• SUPPLIED DATA:
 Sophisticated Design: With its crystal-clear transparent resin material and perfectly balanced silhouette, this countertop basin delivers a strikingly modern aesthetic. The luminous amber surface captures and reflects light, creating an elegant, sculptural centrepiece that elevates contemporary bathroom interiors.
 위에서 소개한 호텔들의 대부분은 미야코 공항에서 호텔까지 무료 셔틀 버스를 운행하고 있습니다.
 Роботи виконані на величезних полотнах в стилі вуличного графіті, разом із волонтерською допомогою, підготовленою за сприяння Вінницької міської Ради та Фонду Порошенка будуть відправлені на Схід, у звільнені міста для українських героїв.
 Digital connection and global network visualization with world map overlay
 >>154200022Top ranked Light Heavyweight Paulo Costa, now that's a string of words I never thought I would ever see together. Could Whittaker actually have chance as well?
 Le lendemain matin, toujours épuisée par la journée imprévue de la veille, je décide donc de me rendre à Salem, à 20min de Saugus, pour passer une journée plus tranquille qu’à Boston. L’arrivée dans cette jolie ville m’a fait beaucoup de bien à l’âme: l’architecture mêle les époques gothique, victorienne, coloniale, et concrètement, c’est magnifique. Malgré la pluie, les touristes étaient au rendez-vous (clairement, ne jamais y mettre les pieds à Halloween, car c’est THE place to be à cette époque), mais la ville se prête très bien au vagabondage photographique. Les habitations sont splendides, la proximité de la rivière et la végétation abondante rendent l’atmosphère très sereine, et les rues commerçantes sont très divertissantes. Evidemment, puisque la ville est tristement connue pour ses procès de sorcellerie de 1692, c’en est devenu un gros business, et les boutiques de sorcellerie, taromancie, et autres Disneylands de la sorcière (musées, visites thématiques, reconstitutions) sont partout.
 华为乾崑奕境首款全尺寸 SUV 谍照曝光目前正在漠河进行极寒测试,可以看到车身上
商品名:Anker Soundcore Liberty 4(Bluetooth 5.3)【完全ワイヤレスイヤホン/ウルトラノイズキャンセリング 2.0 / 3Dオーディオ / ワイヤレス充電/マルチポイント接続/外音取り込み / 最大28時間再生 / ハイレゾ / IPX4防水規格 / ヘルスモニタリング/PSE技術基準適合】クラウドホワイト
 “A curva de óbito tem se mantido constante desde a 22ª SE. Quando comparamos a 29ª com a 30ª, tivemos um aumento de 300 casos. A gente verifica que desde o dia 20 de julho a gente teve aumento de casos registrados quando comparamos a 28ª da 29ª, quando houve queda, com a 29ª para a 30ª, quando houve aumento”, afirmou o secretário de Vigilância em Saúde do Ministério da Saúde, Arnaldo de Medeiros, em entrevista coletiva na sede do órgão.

• ACTIVITY:
Report every line of the data in which "that" appears.

• SOLUTION TO THIS PROBLEM:
 Sophisticated Design: With its crystal-clear transparent resin material and perfectly balanced silhouette, this countertop basin delivers a strikingly modern aesthetic. The luminous amber surface captures and reflects light, creating an elegant, sculptural centrepiece that elevates contemporary bathroom interiors.
 >>154200022Top ranked Light Heavyweight Paulo Costa, now that's a string of words I never thought I would ever see together. Could Whittaker actually have chance as well?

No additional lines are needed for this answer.